March 26, 202612 min read

The Prefix Sum Technique: Simple Idea, Surprisingly Powerful

Master the prefix sum technique for coding interviews: range queries, subarray sums, 2D prefix sums, difference arrays, and product arrays.

prefix-sum arrays interviews algorithms technique

The prefix sum is one of those techniques that feels too simple to be useful — until you realize it shows up everywhere. The core idea: precompute cumulative sums so that any range sum query becomes O(1). That's the whole technique. But the problems it solves are surprisingly varied.

If you've ever thought "I need the sum of a subarray, but recomputing it each time is too slow," prefix sums are the answer.

The Core Idea

Given an array nums, the prefix sum array prefix is defined as:

prefix[0] = 0
prefix[i] = nums[0] + nums[1] + ... + nums[i-1]

The sum of any subarray nums[left..right] (inclusive) is:

sum(left, right) = prefix[right + 1] - prefix[left]

That's it. Build the prefix array once in O(n), then answer any range sum query in O(1).

def build_prefix_sum(nums):
    prefix = [0] * (len(nums) + 1)
    for i in range(len(nums)):
        prefix[i + 1] = prefix[i] + nums[i]
    return prefix

Why does this work? prefix[right + 1] is the sum from index 0 to right. prefix[left] is the sum from index 0 to left - 1. Subtracting gives you the sum from left to right.

nums:    [3, 1, 4, 1, 5, 9]
prefix:  [0, 3, 4, 8, 9, 14, 23]

sum(2, 4) = prefix[5] - prefix[2] = 14 - 4 = 10
           = 4 + 1 + 5 = 10  ✓

When You'll See Prefix Sums

Anytime a problem involves:

Sum of a subarray

Count of subarrays with a specific sum

Range queries on an array

Cumulative operations

And the brute force would recalculate the sum from scratch for each query, giving you O(n) per query when you need O(1).

Problem: Range Sum Query (Immutable)

Given an array, answer multiple range sum queries efficiently.

class NumArray:
    def __init__(self, nums):
        self.prefix = [0] * (len(nums) + 1)
        for i in range(len(nums)):
            self.prefix[i + 1] = self.prefix[i] + nums[i]

def sum_range(self, left, right):
        return self.prefix[right + 1] - self.prefix[left]

O(n) preprocessing, O(1) per query. Without prefix sums, each query is O(n), and if you have Q queries, that's O(n * Q).
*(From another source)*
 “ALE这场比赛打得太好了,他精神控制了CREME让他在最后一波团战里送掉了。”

With prefix sums, it's O(n + Q).

Problem: Subarray Sum Equals K

Given an array of integers and a target k, find the total number of contiguous subarrays whose sum equals k.
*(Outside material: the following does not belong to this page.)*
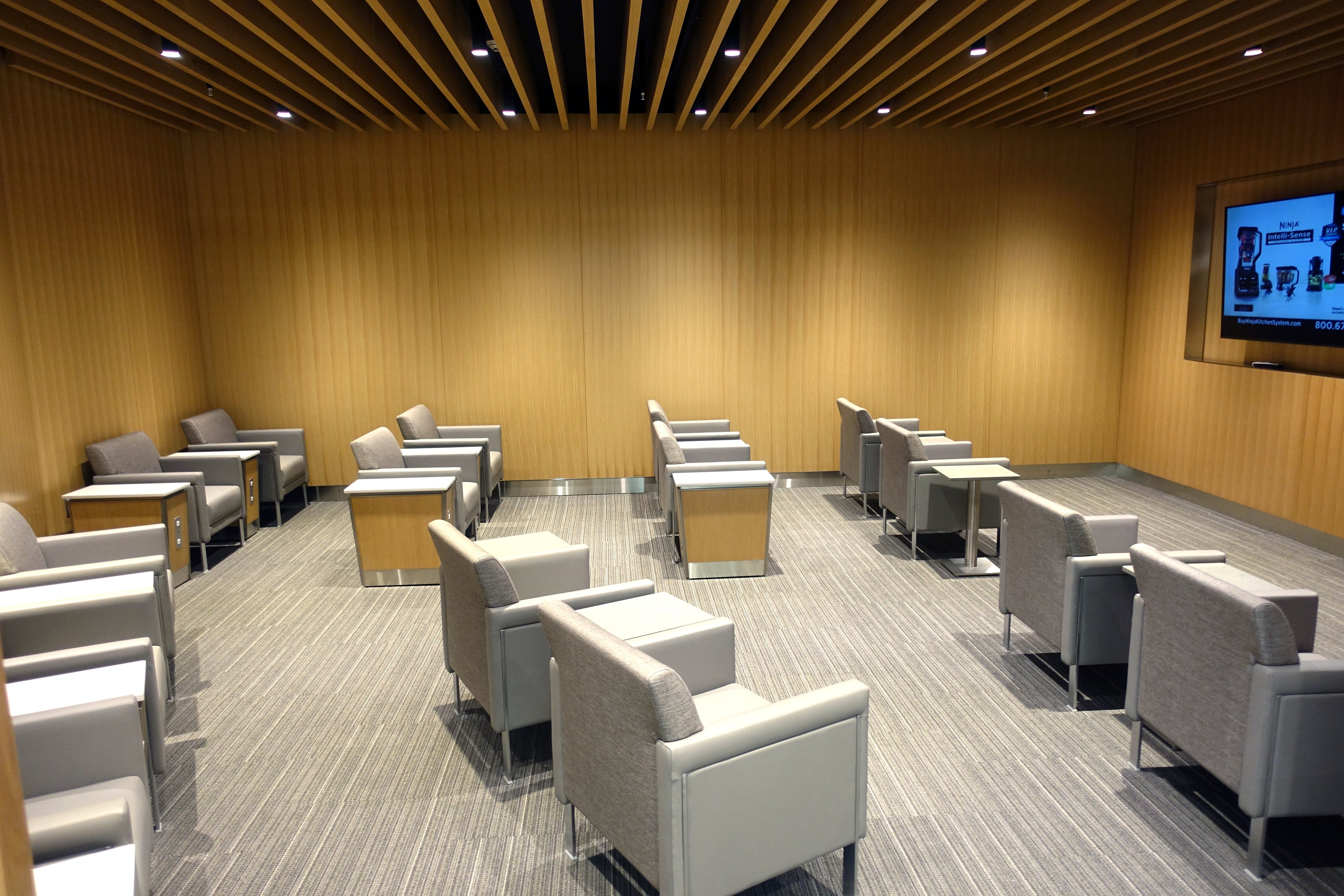 Sandwiched in between the quiet area and the noisier section of the lounge is a theater room with two large TVs and plenty of seating.

This is the classic prefix sum + hash map combination.

def subarray_sum(nums, k):
    count = 0
    current_sum = 0
    prefix_counts = {0: 1}  # sum -> how many times we've seen it

for num in nums:
        current_sum += num
        # if (current_sum - k) was a prefix sum we've seen before,
        # then the subarray between then and now sums to k
        count += prefix_counts.get(current_sum - k, 0)
        prefix_counts[current_sum] = prefix_counts.get(current_sum, 0) + 1

return count

The insight: if prefix[j] - prefix[i] = k, then the subarray from index i to j-1 sums to k. So for each position j, we need to know how many previous prefix sums equal prefix[j] - k. A hash map tracks this.

O(n) time, O(n) space.

Why do we initialize prefix_counts = {0: 1}? Because a prefix sum of 0 exists before the array starts. If current_sum itself equals k, we need to count the subarray from the beginning — and current_sum - k = 0 must be in the map.

This pattern — prefix sum + hash map — is extremely common. Memorize it.
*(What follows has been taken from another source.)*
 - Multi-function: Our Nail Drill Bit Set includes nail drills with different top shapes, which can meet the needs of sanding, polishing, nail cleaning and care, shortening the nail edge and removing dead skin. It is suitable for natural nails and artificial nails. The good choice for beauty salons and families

Variation: Subarray Sum Divisible by K

Count subarrays whose sum is divisible by k.

def subarrays_div_by_k(nums, k):
    count = 0
    current_sum = 0
    remainder_counts = {0: 1}

for num in nums:
        current_sum += num
        remainder = current_sum % k
        # handle negative remainders
        remainder = (remainder + k) % k
        count += remainder_counts.get(remainder, 0)
        remainder_counts[remainder] = remainder_counts.get(remainder, 0) + 1

return count

Same idea, but track remainders instead of exact sums. Two prefix sums with the same remainder mod k means the subarray between them has a sum divisible by k.

The (remainder + k) % k handles negative numbers — in Python, -1 % 5 = 4 already, but this makes the intent explicit and works across languages.

Problem: Contiguous Array (Equal 0s and 1s)

Given a binary array, find the maximum length of a contiguous subarray with equal numbers of 0s and 1s.

The trick: convert 0s to -1s. Now the problem becomes "find the longest subarray with sum 0."

def find_max_length(nums):
    current_sum = 0
    max_len = 0
    first_occurrence = {0: -1}

for i, num in enumerate(nums):
        current_sum += 1 if num == 1 else -1

if current_sum in first_occurrence:
            max_len = max(max_len, i - first_occurrence[current_sum])
        else:
            first_occurrence[current_sum] = i

return max_len

Instead of counting how many prefix sums equal a target, we track the first occurrence of each prefix sum. If we see the same prefix sum again, the subarray between the two positions sums to 0 — and we want the longest such subarray, so we use the earliest occurrence.

Problem: Product of Array Except Self

Given an array, return an array where each element is the product of all other elements. Do it without division and in O(n).

def product_except_self(nums):
    n = len(nums)
    result = [1] * n

# prefix products (left to right)
    left_product = 1
    for i in range(n):
        result[i] = left_product
        left_product *= nums[i]

# suffix products (right to left)
    right_product = 1
    for i in range(n - 1, -1, -1):
        result[i] *= right_product
        right_product *= nums[i]

return result

The idea: for each index i, the answer is the product of everything to its left times the product of everything to its right. Build prefix products and suffix products separately. The first pass fills result[i] with the left product. The second pass multiplies by the right product.

This is technically a prefix product (and suffix product), but the technique is identical to prefix sums.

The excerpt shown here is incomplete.